*** Begin section ***
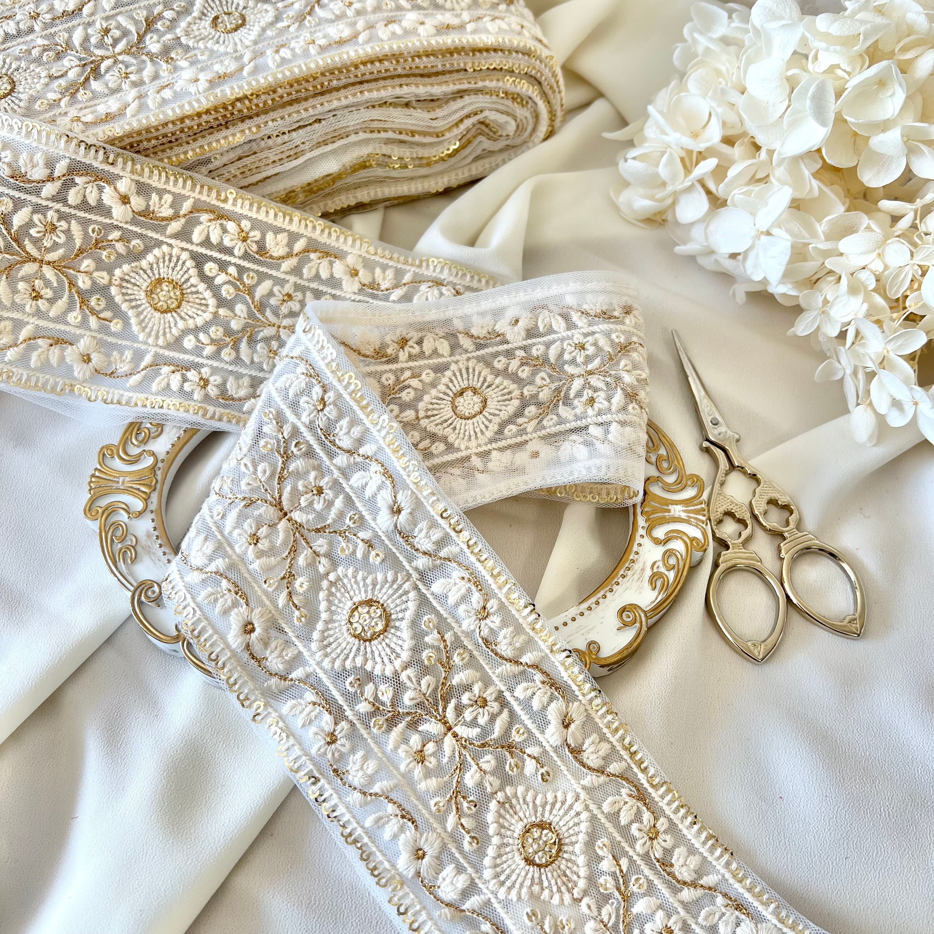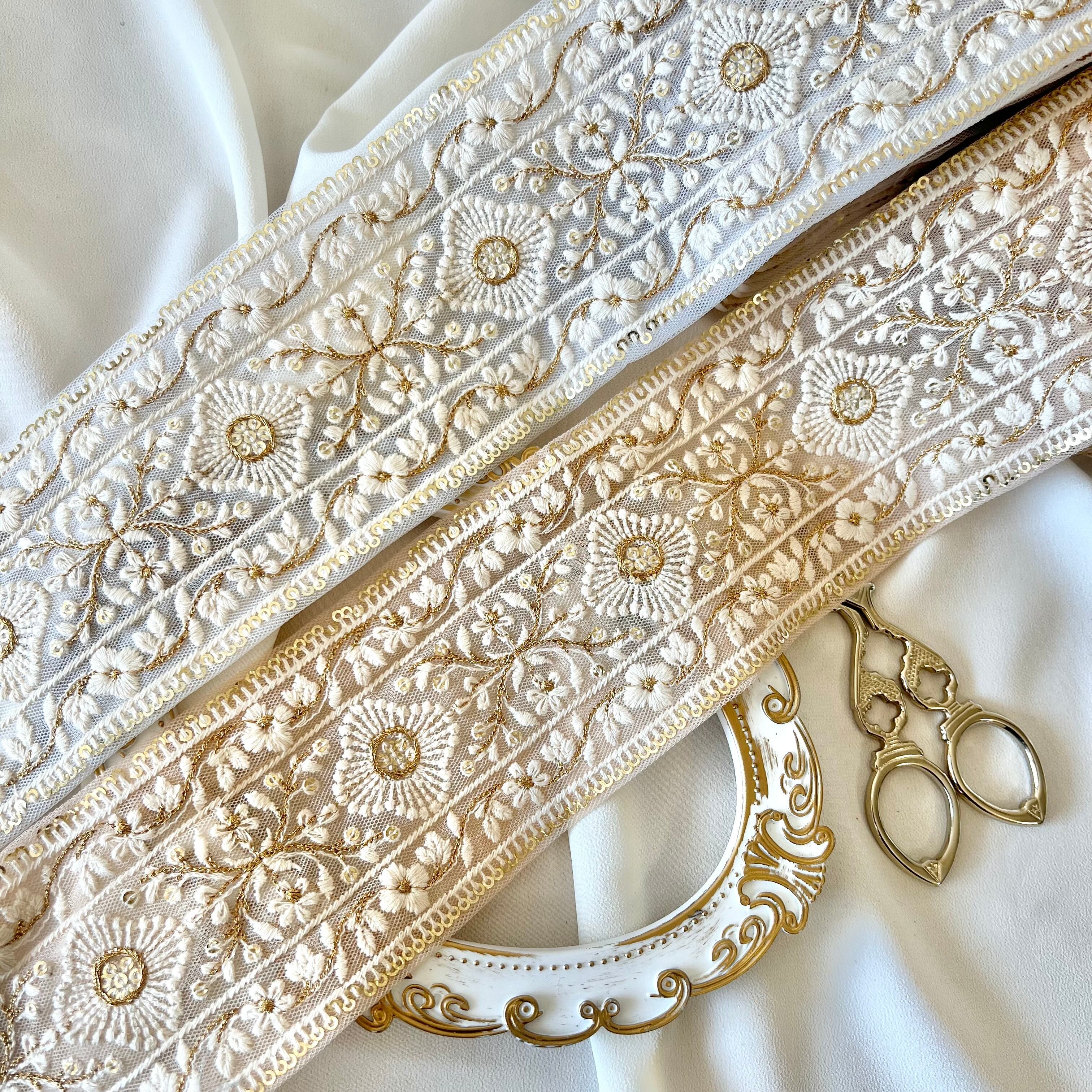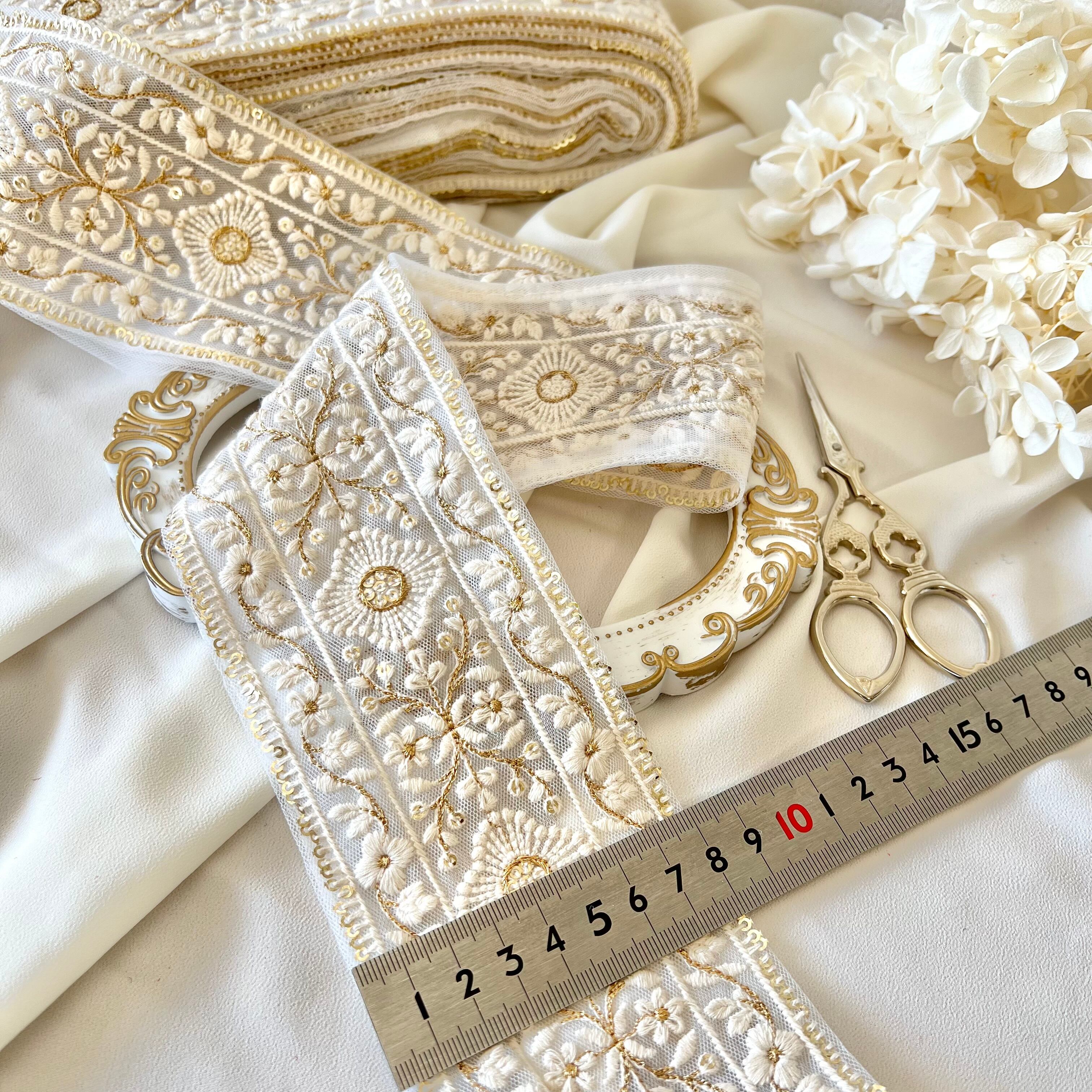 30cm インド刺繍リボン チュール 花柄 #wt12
*** End section ***
*** Begin section ***
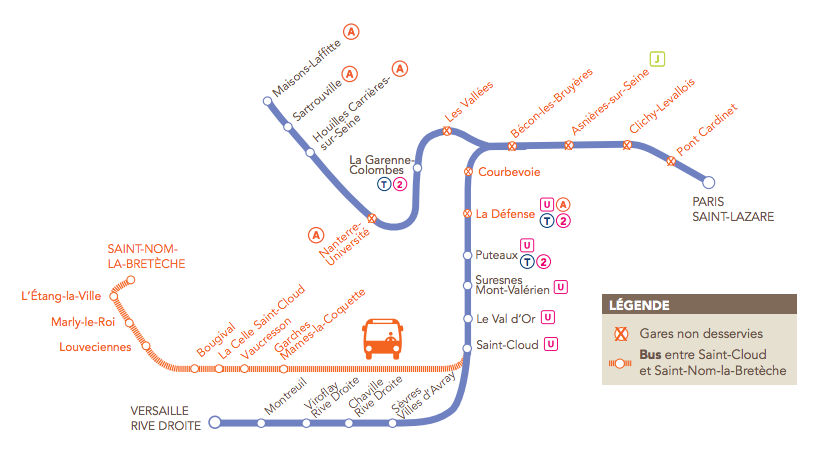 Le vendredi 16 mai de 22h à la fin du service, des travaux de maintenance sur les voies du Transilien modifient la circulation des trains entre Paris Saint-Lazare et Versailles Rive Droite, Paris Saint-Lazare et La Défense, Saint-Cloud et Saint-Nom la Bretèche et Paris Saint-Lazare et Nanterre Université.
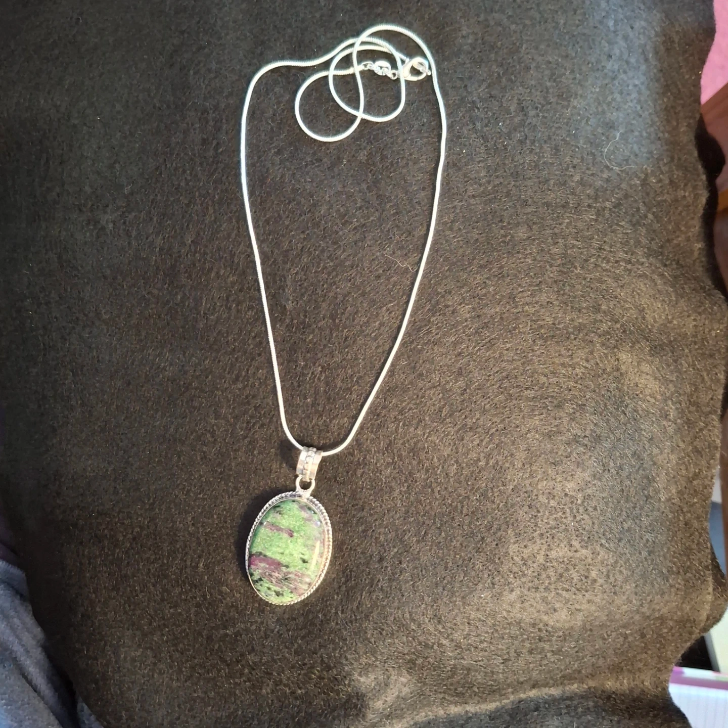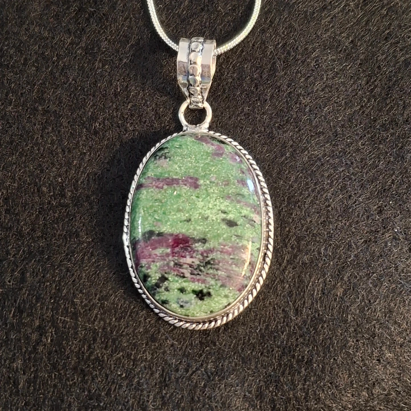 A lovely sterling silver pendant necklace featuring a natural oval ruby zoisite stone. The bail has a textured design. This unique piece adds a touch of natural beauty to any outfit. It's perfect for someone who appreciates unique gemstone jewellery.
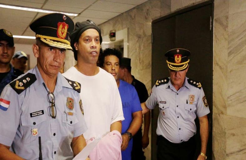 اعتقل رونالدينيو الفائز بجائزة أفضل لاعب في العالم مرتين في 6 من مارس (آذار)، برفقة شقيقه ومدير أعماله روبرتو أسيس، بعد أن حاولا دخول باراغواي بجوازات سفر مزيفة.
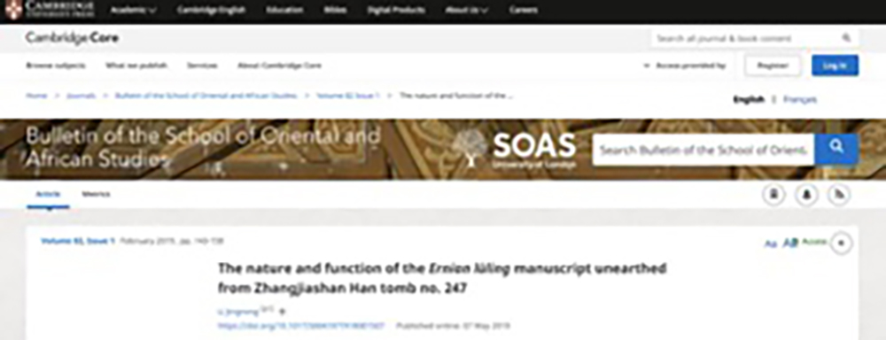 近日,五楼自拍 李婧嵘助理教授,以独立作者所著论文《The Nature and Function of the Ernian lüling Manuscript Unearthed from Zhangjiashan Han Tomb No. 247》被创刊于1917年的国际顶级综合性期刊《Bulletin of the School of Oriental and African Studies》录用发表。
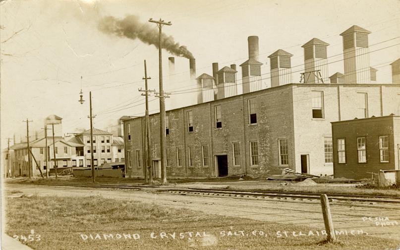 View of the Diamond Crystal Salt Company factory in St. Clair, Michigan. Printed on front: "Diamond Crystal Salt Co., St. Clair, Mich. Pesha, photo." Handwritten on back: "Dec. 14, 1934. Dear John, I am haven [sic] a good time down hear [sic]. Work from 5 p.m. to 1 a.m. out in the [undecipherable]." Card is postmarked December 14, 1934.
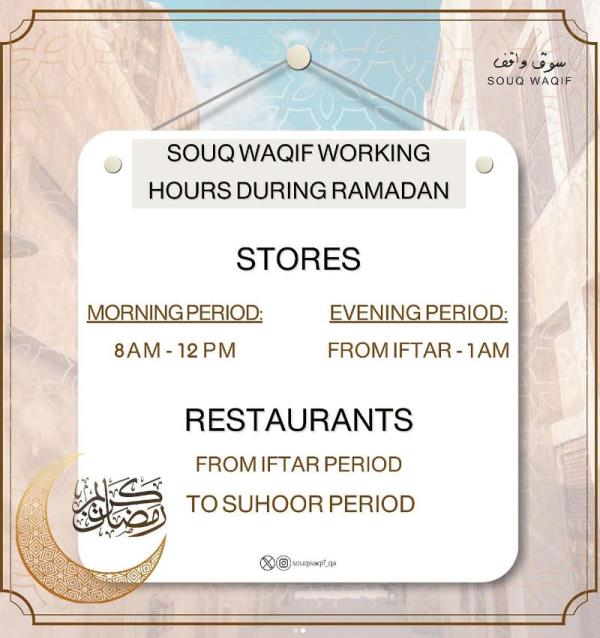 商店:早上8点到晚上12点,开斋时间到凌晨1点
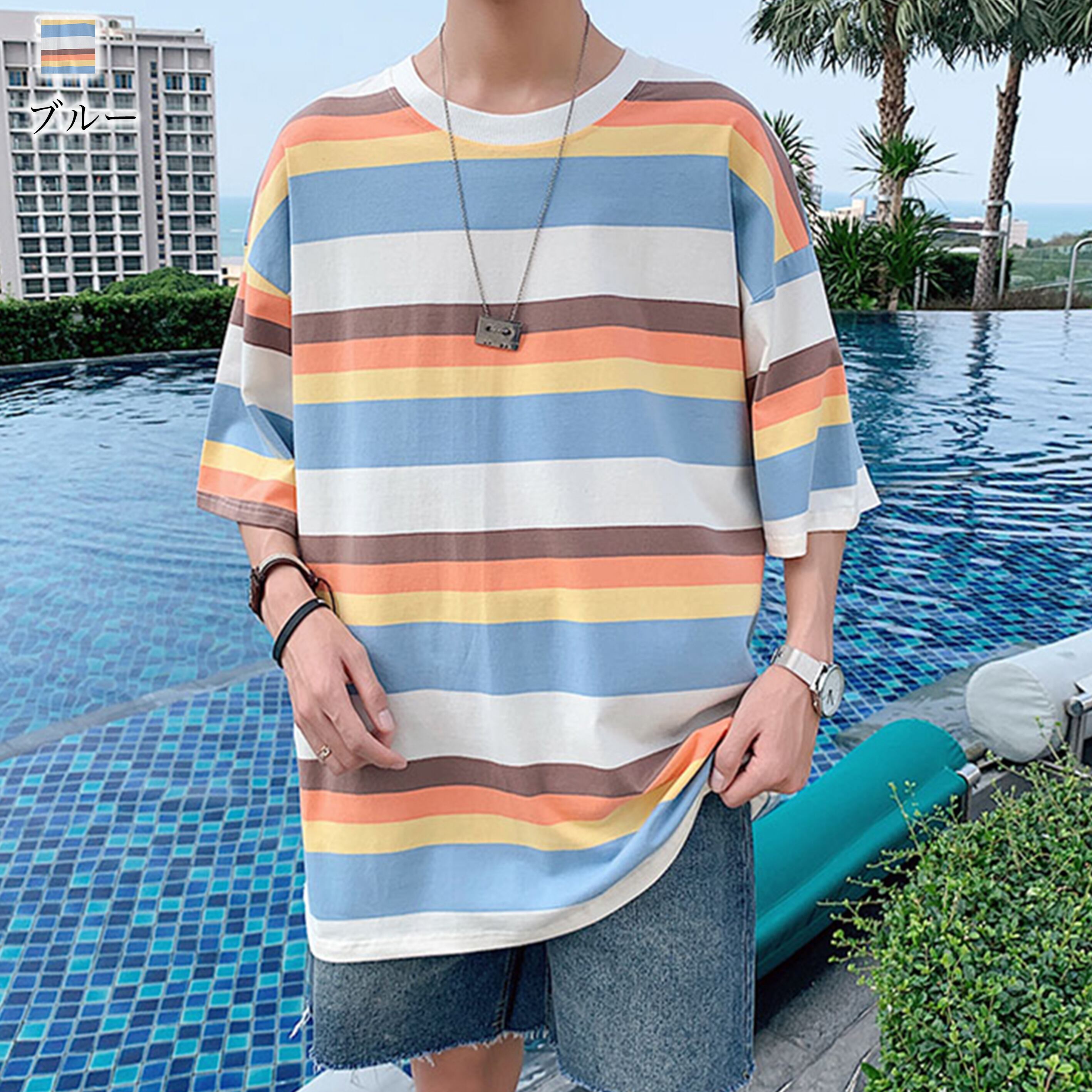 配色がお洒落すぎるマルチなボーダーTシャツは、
*** End section ***
*** Begin section ***
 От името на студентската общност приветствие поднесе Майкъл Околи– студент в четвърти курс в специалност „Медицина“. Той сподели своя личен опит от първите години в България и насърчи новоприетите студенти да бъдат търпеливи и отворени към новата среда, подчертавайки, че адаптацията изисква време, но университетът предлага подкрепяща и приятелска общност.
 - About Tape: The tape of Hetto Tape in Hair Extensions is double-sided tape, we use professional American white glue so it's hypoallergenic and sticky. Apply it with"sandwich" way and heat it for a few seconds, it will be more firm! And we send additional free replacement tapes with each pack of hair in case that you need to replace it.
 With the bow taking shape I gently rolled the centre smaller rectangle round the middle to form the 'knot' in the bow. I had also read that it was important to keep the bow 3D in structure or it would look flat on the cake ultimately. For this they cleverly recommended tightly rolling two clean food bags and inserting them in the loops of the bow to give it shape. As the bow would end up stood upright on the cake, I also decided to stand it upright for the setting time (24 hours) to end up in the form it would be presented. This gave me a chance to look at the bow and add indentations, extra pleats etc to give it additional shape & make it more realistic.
*** End section ***
» **WHAT YOU WILL DO**
From the records above, write out exactly the lines that begin at the line with "A lovely sterling" and end at the line with "配色がお洒落すぎるマルチなボーダーTシャツは、". Pictures must not appear in the output.

» **ANSWER SECTION**
 A lovely sterling silver pendant necklace featuring a natural oval ruby zoisite stone. The bail has a textured design. This unique piece adds a touch of natural beauty to any outfit. It's perfect for someone who appreciates unique gemstone jewellery.
 اعتقل رونالدينيو الفائز بجائزة أفضل لاعب في العالم مرتين في 6 من مارس (آذار)، برفقة شقيقه ومدير أعماله روبرتو أسيس، بعد أن حاولا دخول باراغواي بجوازات سفر مزيفة.
 近日,五楼自拍 李婧嵘助理教授,以独立作者所著论文《The Nature and Function of the Ernian lüling Manuscript Unearthed from Zhangjiashan Han Tomb No. 247》被创刊于1917年的国际顶级综合性期刊《Bulletin of the School of Oriental and African Studies》录用发表。
 View of the Diamond Crystal Salt Company factory in St. Clair, Michigan. Printed on front: "Diamond Crystal Salt Co., St. Clair, Mich. Pesha, photo." Handwritten on back: "Dec. 14, 1934. Dear John, I am haven [sic] a good time down hear [sic]. Work from 5 p.m. to 1 a.m. out in the [undecipherable]." Card is postmarked December 14, 1934.
 商店:早上8点到晚上12点,开斋时间到凌晨1点
 配色がお洒落すぎるマルチなボーダーTシャツは、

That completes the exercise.